La casa se estaba desperezando y por sus distintos rincones se escuchaba el bullicio del ajetreo cotidiano. De nuevo la gobernanta trajo a los niños. Sonia estaba más tranquila en esta ocasión y a Kolia le encantó el manto de brocado y ya sin temor alguno se puso a jugar con los flecos. Después llegó la matrona Sofia Frántsevna y le hizo cierta observación a Savieli, mostrando por cierto conocimientos tan detallados sobre los asuntos funerarios que nadie habría esperado dada su especialidad. Vinieron a despedirse de mí el personal de las cuadras, los cocheros, los rudos cocineros, los barrenderos y hasta gente que me era completamente desconocida: unas misteriosas ancianas, porteros y cuidadores de las casas vecinas. Todos ellos rezaban con diligencia y las viejas añadían su amargo llanto. Aparte de esto, me di cuenta de algo: todos los que habían llegado para darme su último adiós, si eran gente sencilla, del pueblo llano, no solo me besaban en los labios, sino que lo hacían con verdadera complacencia; en cambio, las personas de mi círculo, incluso las más allegadas, mostraban aprensión, lo cual me habría ofendido notablemente de haberlo presenciado con mis anteriores ojos terrenales. Entró de nuevo casi arrastrándose Nastasia con su amplio capote azul adornado con flores rosas. Esa indumentaria no le gustó a Savieli, cosa que le recriminó sin tardanza.

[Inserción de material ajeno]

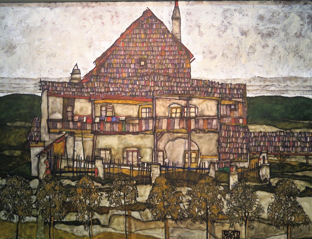 Scheile is most famous for his portraits but he also painted a lot of houses. In the room filled with his house paintings, an Australian man commented to me on their beauty and earthiness. I replied that they reminded me of Hundertwasser and did he know whether there are Hundertwassers in Vienna museums. He replied, “I’m sorry, I don’t know German.”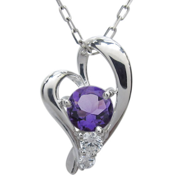2月誕生石アメジストを使用したプラチナ製のオープンハートをモチーフにしたネックレスペンダントです。
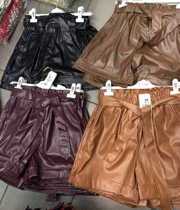 💥Ženske šorts pantalone od eko-kože sa čipkanim porubom Cena 2150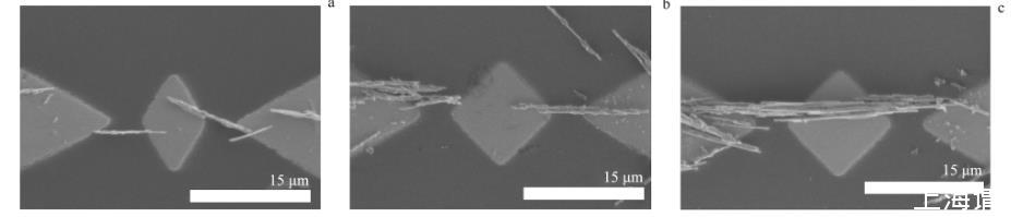 為了探究納米線的介電組裝特性,首先在寬度約為4μm的單島微電極上進行ZnO納米線的組裝實驗,不同頻率下的實驗結果見圖2.圖2a顯示,電場頻率為150 kHz時,有少量納米線將導電島和電極搭接起來;圖2b顯示,電場頻率為500 kHz時,搭接導電島和電極的納米線數量增多,且左右兩側的電極上也沉積了少量的納米線;圖2c顯示,電場頻率為1 MHz時,搭接導電島和電極的納米線數量再次增多,并且出現了互相平行的納米線。
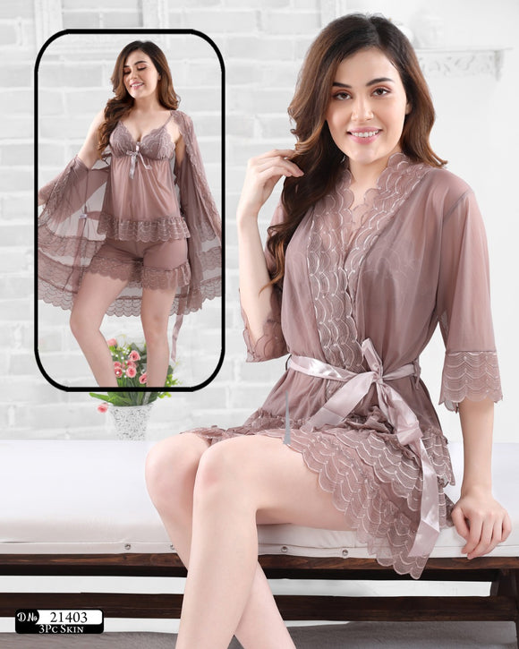 SKIN COLOR 3 PIECE FANCY SEXY LINGERIE FOR WOMEN-SKDSL001S

—¿Y qué voy a hacer, Savieli Petróvich? —se justificó ella—. Probé a ponerme un vestido oscuro, pero ninguno me quedaba bien.

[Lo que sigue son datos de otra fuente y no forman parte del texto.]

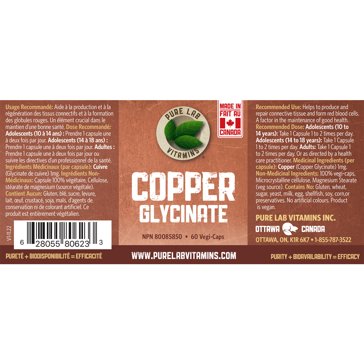 Pure Lab Vitamins Copper Glycinate 60 Veggie Caps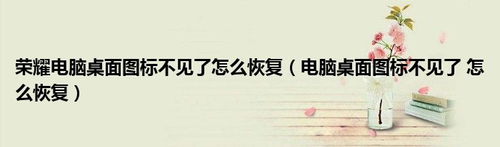 关于荣耀电脑桌面图标不见了怎么恢复,电脑桌面图标不见了 怎么恢复这个很多人还不知道,今天菲菲来为大家解答以上的问题,现在让我们一起来看看吧!

—¡Vaya!, así que no le sentaban bien. Pues haberse quedado entonces en la cama. A otra en tu lugar le daría vergüenza venir hasta el mismísimo ataúd principesco con esa barriga.
—Pero ¿por qué la ofende de esa manera, Savieli Petróvich? —intervino Semión—. Ella es legalmente mi mujer y aquí no hay pecado alguno.
—Ya me conozco yo a estas pindongas legítimas —farfulló Savieli apartándose a su rincón.
Nastasia quedó visiblemente ofuscada y habría querido responder con mordacidad fulminante, pero no le salieron las palabras; tan solo sus labios se contrajeron en una mueca y en sus ojos asomaron las lágrimas.
—«Caminarás sobre leones y víboras —salmodiaba el orador—, pisotearás cachorros de león y serpientes.»[16]
Nastasia se acercó hasta pegarse a la cara de Savieli y le espetó en un susurro:
—Usted sí que es una víbora.
—¿Quién es una víbora? Ya verás tú…
Savieli no concluyó la frase porque en la escalera resonó un fuerte timbrazo y Vasiutka entró corriendo para anunciar la llegada de la condesa Maria Mijáilovna. La sala se quedó desierta en un momento.
Maria Mijáilovna, tía de mi esposa, era una anciana muy renombrada. Se acercó a mí con paso lento, rezó majestuosamente y se dispuso a besarme, pero se arrepintió y durante algunos minutos se quedó junto a mí balanceando su entrecana cabeza, cubierta por un negro tocado semejante al monacal; después, sostenida respetuosamente por su dama de compañía, se dirigió a la habitación de mi mujer. Un cuarto de hora más tarde, se contrarió aún más al ver el aspecto que ofrecía ésta: ataviada con un camisón blanco de noche, el cabello desordenado y los párpados tan hinchados por el llanto, que apenas podía abrir los ojos.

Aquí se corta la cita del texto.